BROWN: And that's reassuring to know.

SCARBOROUGH: In the long run, you know I've actually –

HEILEMANN: You could drive ratings in the short term on crazy and hateful, but in the long run it's bad for business. It's bad for business.

SCARBOROUGH: It doesn't pay off, and if you look, it wasn't just at Fox, it was at other networks. You look, and at other publications, where after the Gabby Giffords shooting a lot of people were called to the front office and said guess what, we're in a new era now. Tone it down. Dial it back. And again, I find it so fascinating again that this Gabe Sherman article, which Fox pushed back at really hard, it's proven to be exactly right.

(...)

BRZEZINSKI: To your point Heilemann that crazy doesn't sell, check out Joe's Politico piece this week, because crazy also doesn't win, ultimately.

SCARBOROUGH: And by the way, that was my – that's my argument in Politico today is that crazy never wins, one of the reasons we're seeing Rick Perry collapse, the same reason we're seeing Bachmann collapse, the same reason why Newt never took off, the same reason Sarah Palin never took off, is – and I talk about my dad again, who by the way in the primaries voted for Nixon in '60, Goldwater in '64, Nixon – I mean every time, Dole – crazy never wins.

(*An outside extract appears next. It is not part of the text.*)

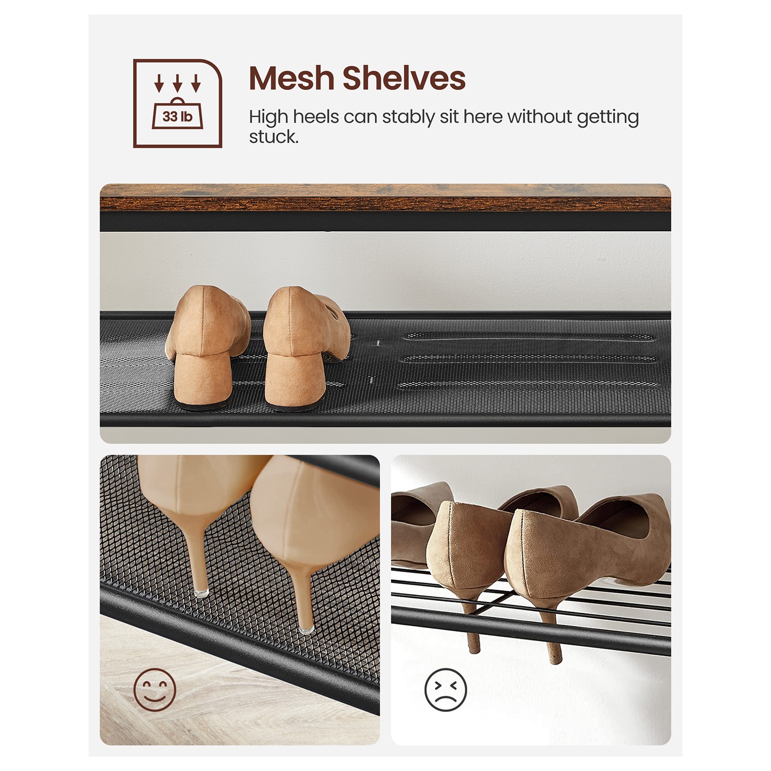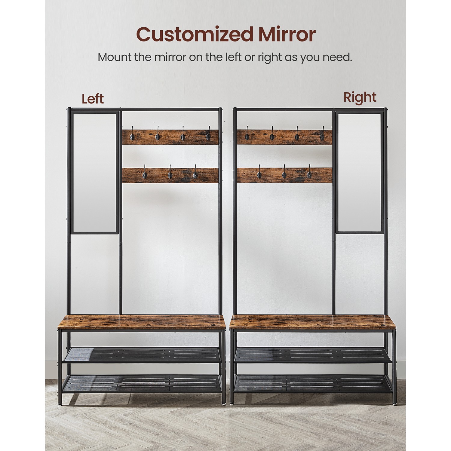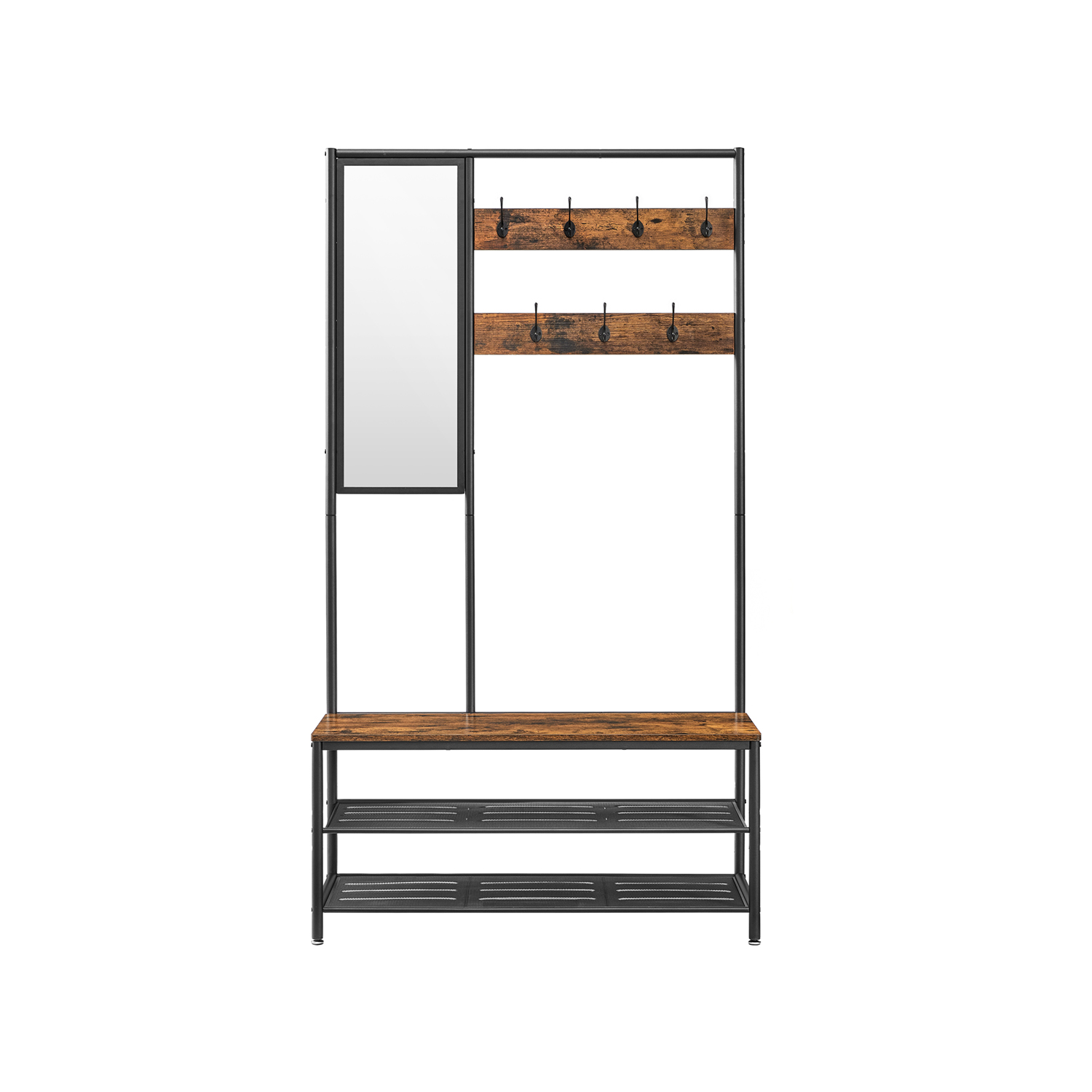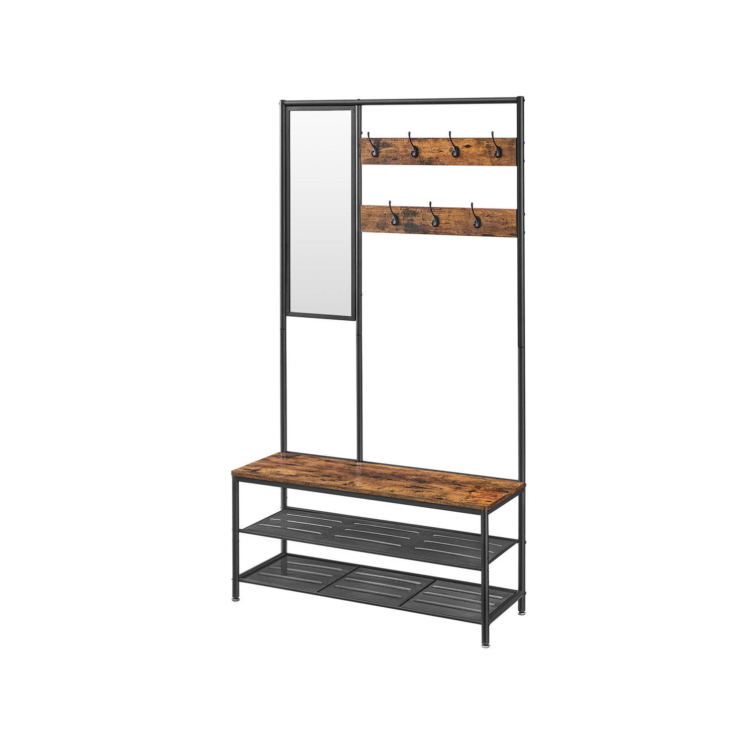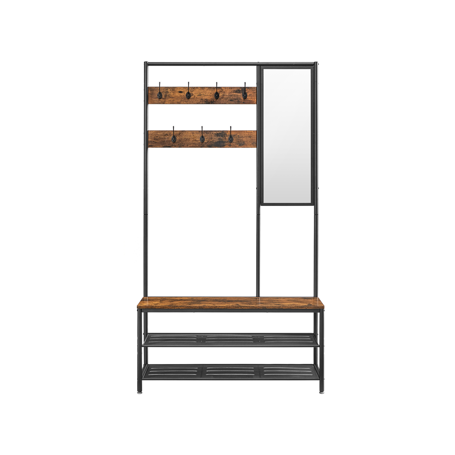 Tuotetiedot: – Väri: vintage-ruskea-musta – Materiaali: lastulevy, teräs – Mitat: 35 x 98 x 180 cm (S x L x K) – Paino: 15,9 kg – Maks. staattinen kantavuus koukkua kohti: 5 kg – Maks. staattinen kantavuus hyllyä kohti: 15 kg – Maks. staattinen kantavuus istuinta kohti: 100 kg Toimitus sisältää: – 1 x vaatekaappi – 2 x kaatumissuoja – 1 x lisävarustepaketti – 1 x ohjeet VASAGLE Huomautukset: – Turvallisuussyistä lapset eivät saa kiivetä tai leikkiä tällä tuotteella. – Kiinnitä tuote seinään mukana toimitetulla kaatumissuojalla. – Istuimen suurin staattinen kantavuus on 100 kg, älä ylitä tätä.

BROWN: But crazy makes great television.

SCARBOROUGH: It makes great television, but –

BROWN: That – that's the issue, that in a sense we're all – there's a conspiracy to kind of make it seem for a while as if crazy will win.

SCARBOROUGH: Exactly.

BROWN: But it won't.

(...)

MARK HALPERIN: If Fox moved from being right to center-right, they could be more powerful than they are now, which is pretty darn powerful. And I think Roger Ailes understands the problem for the Republican Party is parallel to the problem for Fox, which is you need to get back a little bit to the center to try to expand your reach.

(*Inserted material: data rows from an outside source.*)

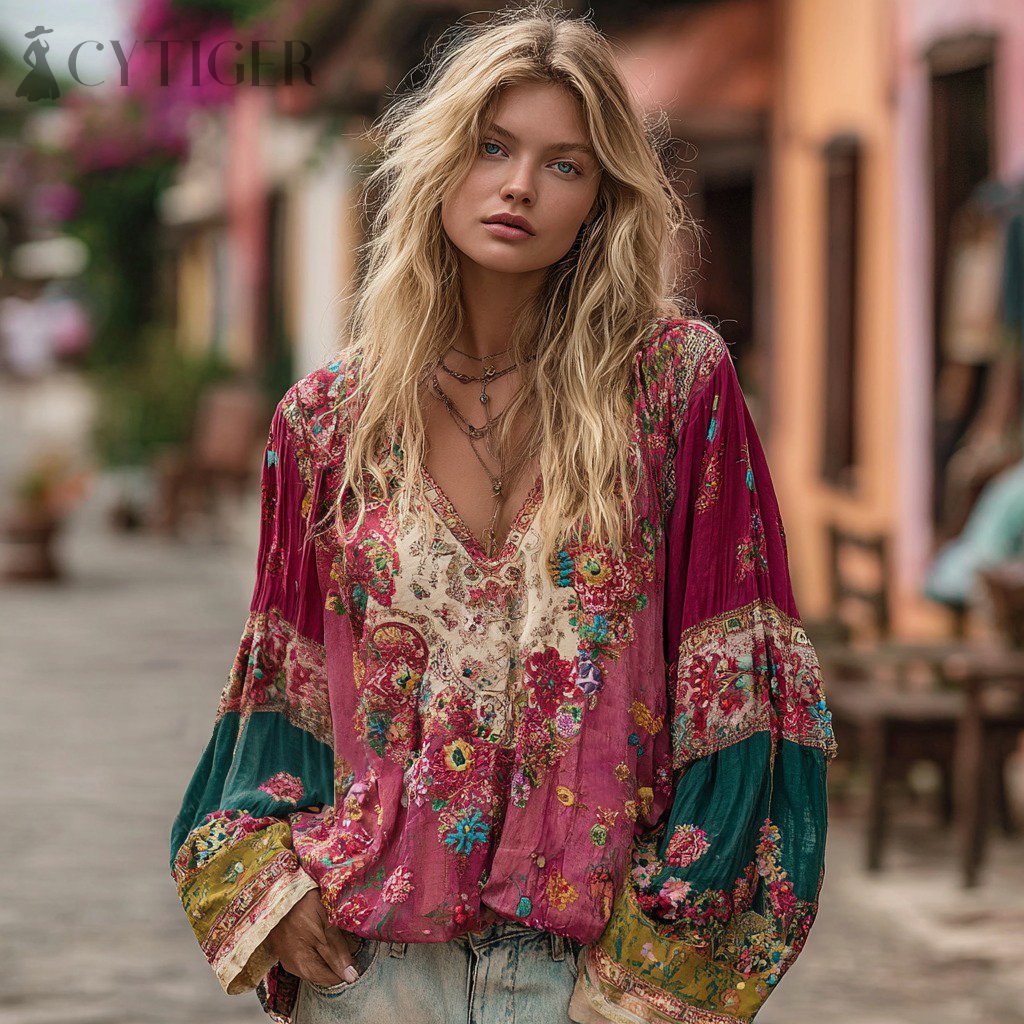 Women's Floral Embroidery Boho Colorblock Art Linen Blend V-neck Shirt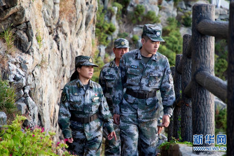 在江蘇省灌云縣開山島,王仕花(左)、民兵哨所所長陳志顯(右)和輪值民兵一起巡邏(9月27日攝)。新華社記者 劉芳 攝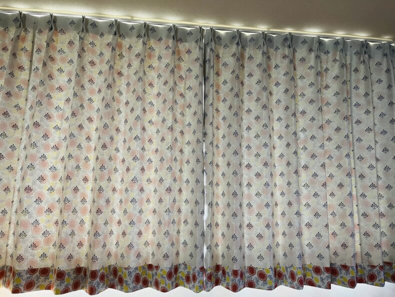 裏のデザインはこのカーテンの折り返しと同じ色とデザインで、外から見ても遊び心があり素敵ですので、ぜひ長くご愛用ください!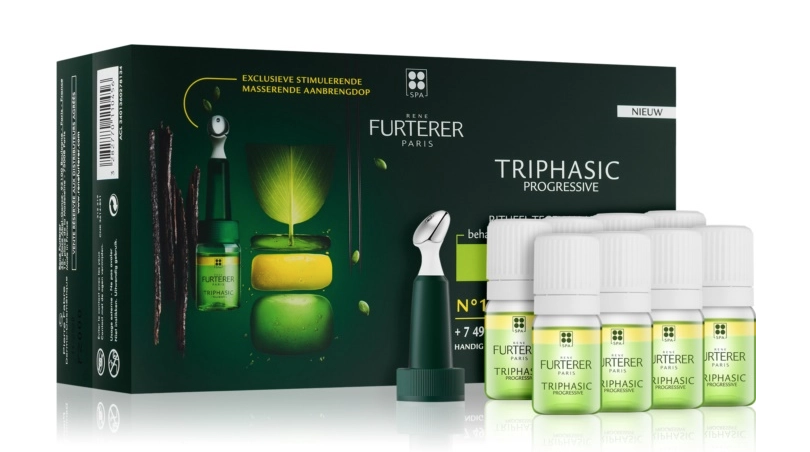 A fórmula TRIFÁSICA PROGRESSIVA, com 3 fases ativas, atua nas três fases decisivas do ciclo de vida dos cabelos (Nascimento, Crescimento, Maturidade) para desacelerar a queda, estimular o crescimento e prolongar a vida dos fios. A partir do primeiro mês, a densidade do cabelo aumenta e o couro cabeludo fica menos visível.

BROWN: He is doing that, you know, as you see with Chris Wallace I think is doing great, great stuff in the debates. He is –

SCARBOROUGH: The reality is, though, for Fox News, for Rush Limbaugh, for Sean Hannity, for a lot of the conservative talkers – and we're talking about right versus center-right – they live in a perpetual state where it is primary season in the Republican Party 1994. I mean, that's why – that's why – that's why they can influence primaries, as far as in congressional races, but they're never going to have the huge influence, like you said, until you move center-right, on actually who wins the Republican nomination, because nobody over there supported John McCain in 2008, and nobody over there is supporting Mitt Romney in '12. And yet, that's what's going to happen because again, they live in a world where it's constantly a GOP primary in a conservative year, and that's not just the reality.